#### SUPPLIED DATA

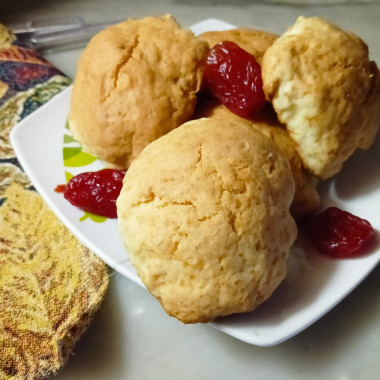 Получились пушистые шанежки, для полезности можно больше сухофруктов добавлять. Я положила сахара побольше, очень люблю сладкое, и муки больше ушло. Обалденные сырники, как булочки, даже больше понравились, чем обычные, жареные. Особенно пока свежие были, нежные и воздушные, как пирожные. Пеку 2 раз, очень быстро съедаются
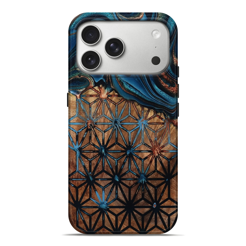 Our Live Edge cases are made from an amazing combination of stabilized wood burl and colored resin. Our stabilization process hardens the wood to protect against cracks and breaks. We do every step of the process at our shop in Northern Indiana. Perfectly fits the iPhone 17 Pro Max.
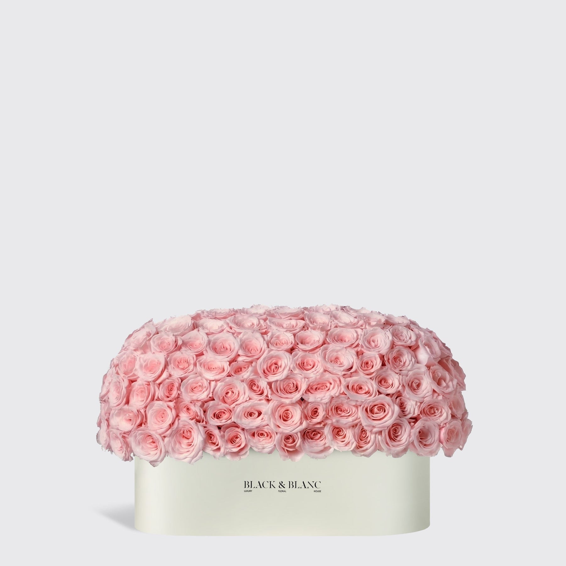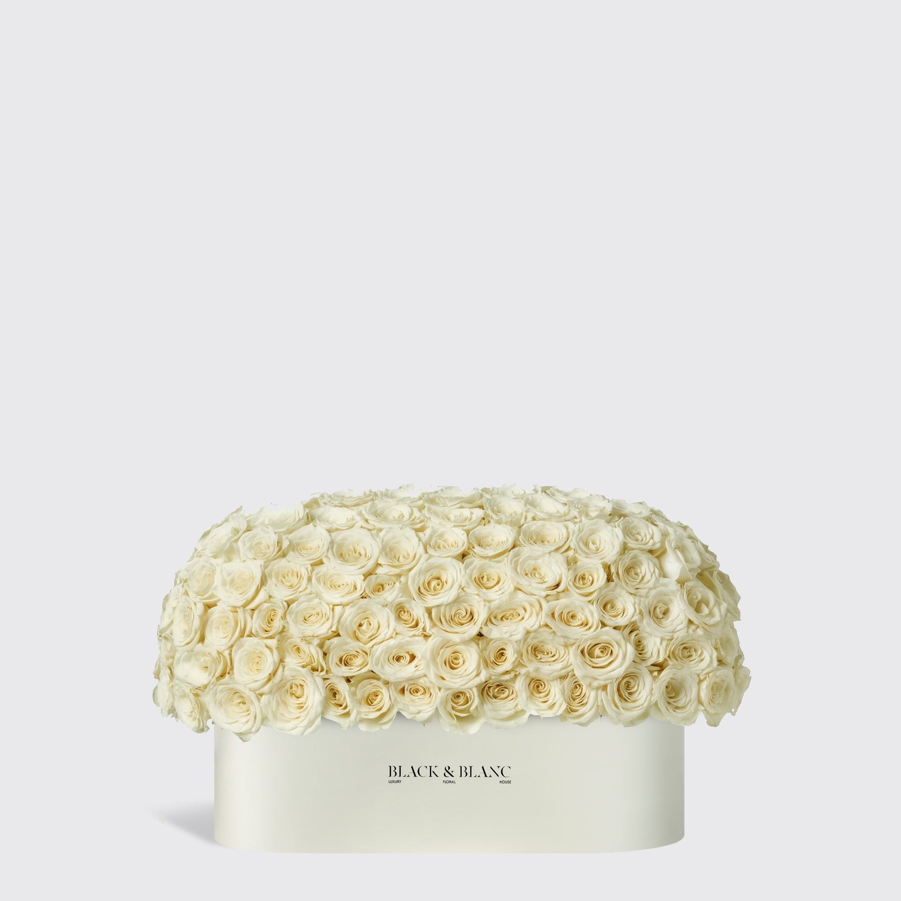 Dome in Half Meter Box is presented in our signature BLACK AND BLANC half meter box, where perfect symmetry and rich crimson blooms form a powerful visual statement. This arrangement is designed to captivate, embodying elegance, confidence, and timeless romance in its most striking form.
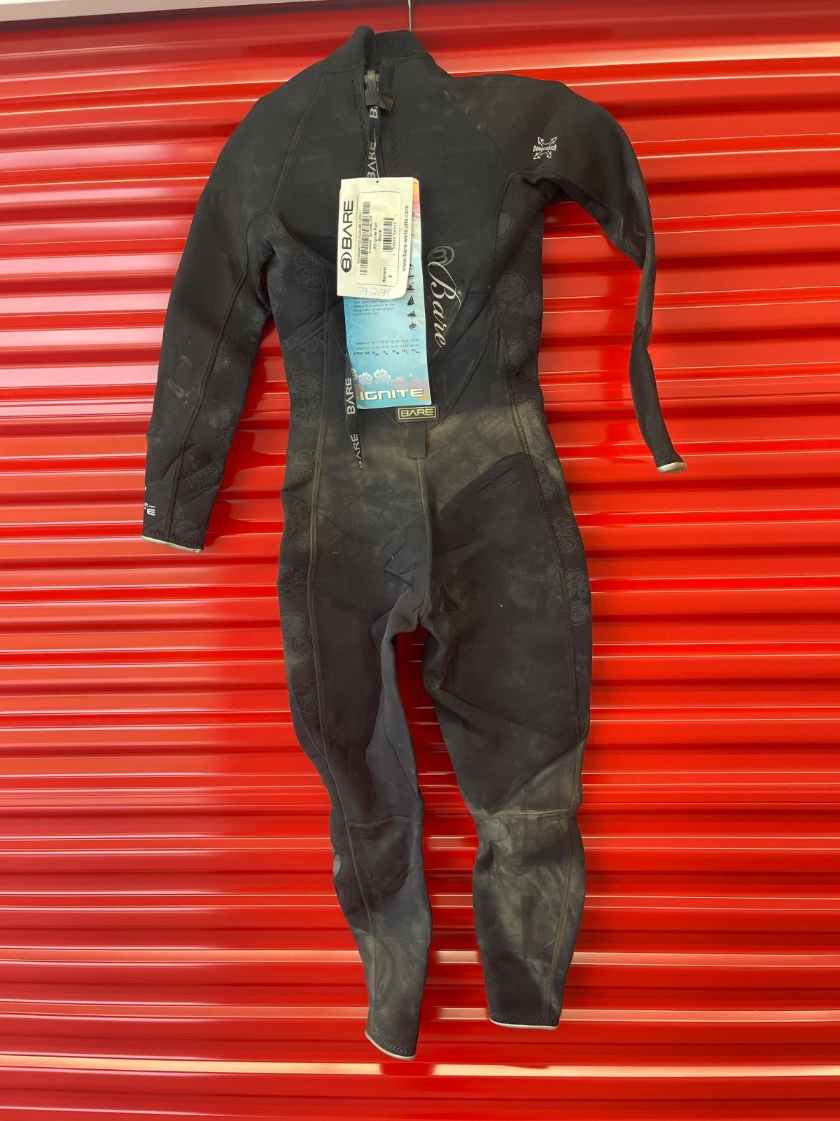 You are purchasing one new, with defects, Bare Ignite women’s wetsuit, size 8, as shown in the listing. This is a consumer apparel item being resold. The defects are cosmetic and related to storage, not to the garment’s construction or integrity as a new item. We are not the manufacturer.
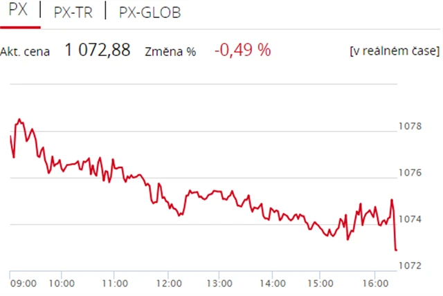 Pražská burza v pátek potřetí v řadě uzavřela v mínusu, když index PX odepsal 0,49 % na 1 072,88 bodu. Dolů burzu stáhly zejména akcie Erste Group Bank a energetické skupiny ČEZ, dařilo se naopak likérce Stock Spirits a telefonnímu operátorovi O2 Czech Republic. Objem obchodů byl s necelými 598 miliony korun mírně nadprůměrný.
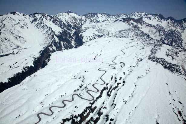 立山黒部アルペンルート(立山有料道路)弥陀ケ原周辺より室堂方面と観光バス(2015/5)

########

**TASK PROMPT:**
Starting with the first line of the data above, write out each line exactly up to and including the line that holds "Our Live Edge". Pictures stay out.

**TASK RESULT:**
 Получились пушистые шанежки, для полезности можно больше сухофруктов добавлять. Я положила сахара побольше, очень люблю сладкое, и муки больше ушло. Обалденные сырники, как булочки, даже больше понравились, чем обычные, жареные. Особенно пока свежие были, нежные и воздушные, как пирожные. Пеку 2 раз, очень быстро съедаются
 Our Live Edge cases are made from an amazing combination of stabilized wood burl and colored resin. Our stabilization process hardens the wood to protect against cracks and breaks. We do every step of the process at our shop in Northern Indiana. Perfectly fits the iPhone 17 Pro Max.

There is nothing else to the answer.